Comme des différents acteurs de la population et le gouvernement de la RDC l’ont exprimé, la présence des troupes rwandaises sur le sol congolais en appui ouvert du M23 représente une violation flagrante de la souveraineté nationale et du droit international. C’est pourquoi, lors des réunions d’urgence du Conseil de Sécurité de l’ONU le 26 et le 28 janvier la plupart des pays ont souligné le risque réel d’une nouvelle crise dans la région des Grands Lacs et ils ont appelé le Rwanda à retirer ses troupes de la RDC et à cesser d’appuyer le M23. De sa part, la Monusco demande la création des couloirs humanitaires pour le réapprovisionnement en équipement essentiel, le relais de personnel et le déplacement de civils en toute sécurité.
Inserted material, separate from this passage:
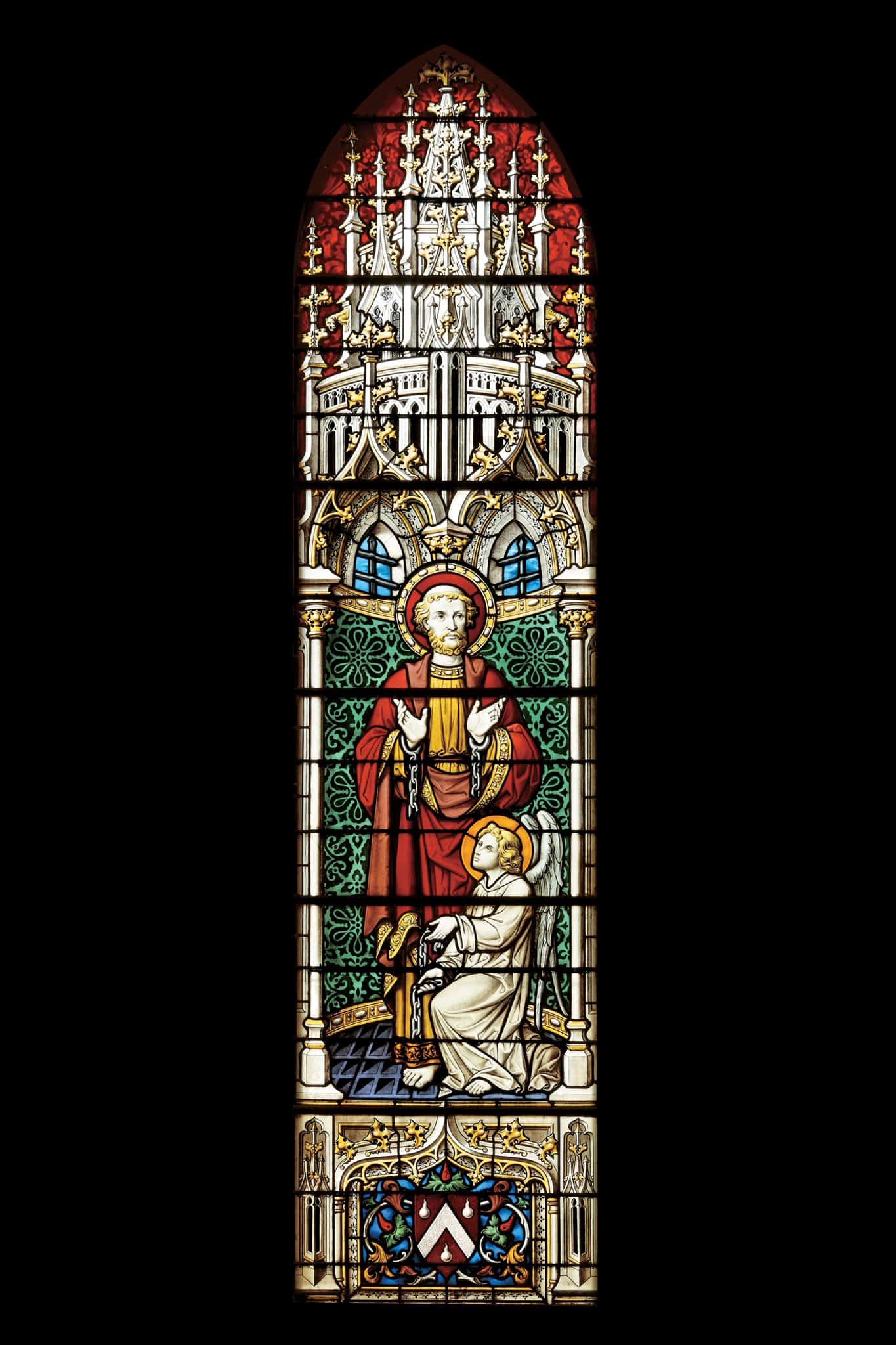 Saint Pierre aux Liens présente ses mains aux chaînes brisées. Agenouillé devant lui, l’ange venant de le libérer tient encore les chaînes. En bas, les armoiries de la famille Desgouttes-Colladon.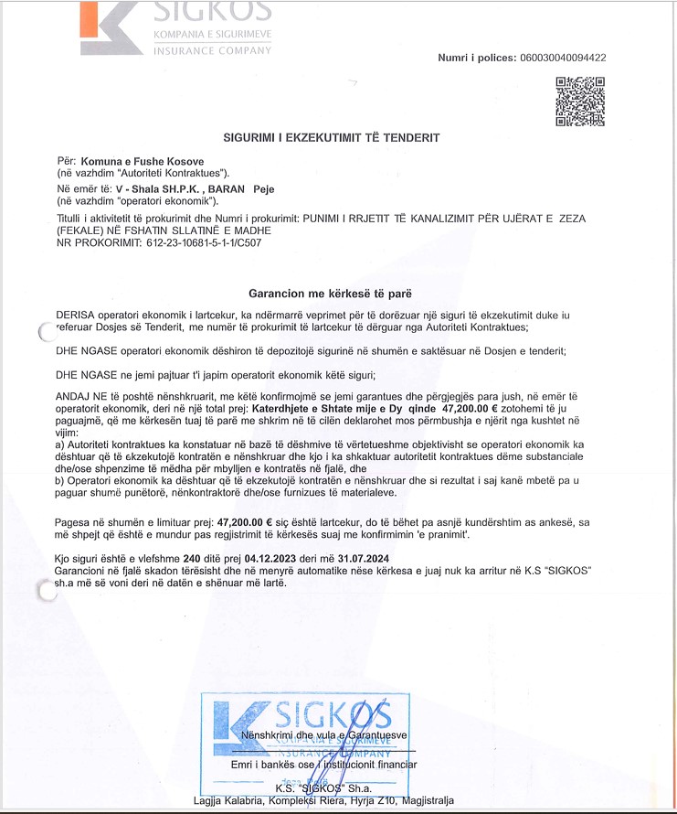 Kontrata në mes të Komunës së Fushë-Kosovës dhe kompanisë “V-Shala” Sh.p.k., me vlerë prej 472 mijë euro, është nënshkruar më 4 dhjetor 2023, ndërsa punimet është dashur të përfundojnë më 30 gusht 2024. Megjithatë, nga gjatësia totale e kontraktuar prej 5,030 metrash, janë realizuar vetëm rreth 190 metra, apo afërsisht 4% e punimeve.

Pour ce faire il est urgent de relancer le dialogue politique entre le Rwanda et la RDC (processus de Luanda) car la voie militaire s’avère incapable de résoudre le conflit.

Concernant les causes du conflit, bien que la coalition de l’armée rwandaise et le M23 prenne la défense de la communauté Tutsi comme justification de sa présence en RDC, ce qu’elle opère est une occupation territoriale ainsi qu’un contrôle sur les zones minières, par exemple à Rubaya dans le territoire de Masisi, où il y a des importantes réserves de coltan (présent de nos téléphones et nos ordinateurs). Comme il a été documenté, tous ces minerais partent au Rwanda. C’est pourquoi parmi les demandes urgentes de la RDC se trouve l’imposition d’un embargo sur les ressources naturelles déclarées comme rwandaises, en particulier, le coltan et l’or. En effet, la communauté internationale et notamment les pays membres de l’Union Européenne ont un rôle crucial à jouer dans les négociations car ils peuvent conditionner l’appui au développement et la coopération dans la chaîne de valeur des matières premières dont l’économie rwandaise dépend, comme l’a démontré la mesure exemplaire récemment prise par l’Allemagne.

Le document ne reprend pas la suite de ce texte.